Moods

[COUP DE COEUR] Toujours à la quête d’une belle note, Jérémy Bruger poursuit son parcours de leader dans « Moods », un troisième opus réalisé entre amis, hommage à ses inspirations les plus profondes.

L’originaire du Havre remet ses talents de musicien au service d’une nouvelle aventure. Au-delà d’un hommage donné au jazz qui l’amène à remplir les clubs parisiens depuis des années, cet album s’inscrit dans une productivité régulière du musicien, revenant à peu près tous les trois ans avec un projet. 2013 pour « Jubilation », 2016 pour « Reflections », place maintenant à 2020 avec « Moods », qui grâce à la batterie de Mourad Benhammou et la contrebasse de Raphael Dever, propose un équilibre particulier entre « tradition du jazz »  et « des choses beaucoup plus contemporaines », évoqué par Jérémy Bruger lors d’un entretien fin janvier sur Ouest Track Radio.

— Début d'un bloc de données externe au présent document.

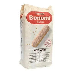 BONOMI SAVOIARDI 400g offers 15 expertly crafted ladyfinger biscuits, ideal for authentic Italian desserts like tiramisu. Each biscuit delivers a light, crisp texture with a subtly sweet flavor, perfect for soaking up coffee or liqueur without losing structure. This 400g pack ensures consistent quality and freshness, making it a reliable choice for both professional chefs and home bakers seeking traditional Savoiardi in their recipes.

Habitué à rendre hommage à ses pairs dans ses deux précédents disques, Jérémy Bruger assemble pour la première fois des compositions personnelles à des reprises de ses standards, de George Gershwin à Hank Jones. Décidé à intégrer son identité musicale dans ce projet plus personnel, le trio nous invite à profiter des nombreuses atmosphères du disque à l’écoute de « Things Are Coming », premier morceau positif, caractérisé par le swing du piano/contrebasse allié à une batterie réglée au dixième près. Une ambiance parmi d’autres : On peut profiter de la tendresse de « Sucrier Velours » de Duke Ellington (version Jérémy Bruger), de l’énergie de « Go! », ou de « Together Again »,fond idéal pour d’heureuses retrouvailles. On le sent dans ce disque, Jérémy Bruger se lâche et joue sa propre musique, en associant ses talents de créateur à une culture musicale cultivée très tôt.

Dès sa jeunesse, son intérêt pour le jazz est présent, mais aux côtés d’autres sonorités. Dans la maison familiale, les mélodies de Count Basie s’incorporent aux poèmes de Brassens, la guitare de Santana, et le mambo de Pérez Prado, pour n’en citer qu’une poignée. Ouvert à tous les genres, Jérémy Bruger s’inscrit dans la lignée des musiciens qu’il admire en donnant corps et âme au quatrième art : Des concerts, des rencontres, et des collaborations aux côtés de Gilad Atzmon ou Fakear témoignent de sa polyvalence, une polyvalence reconnaissable dans le jeu incisif et énergique proposé dans « Moods ». Une belle surprise pour les danseurs qui nous liront.

Du swing au vieux blues nonchalant, « Moods » s’adapte aux humeurs du quotidien grâce une richesse sonore offerte par un trio exaltant. Une histoire d’amitié au service de la musique que l’on vous recommande.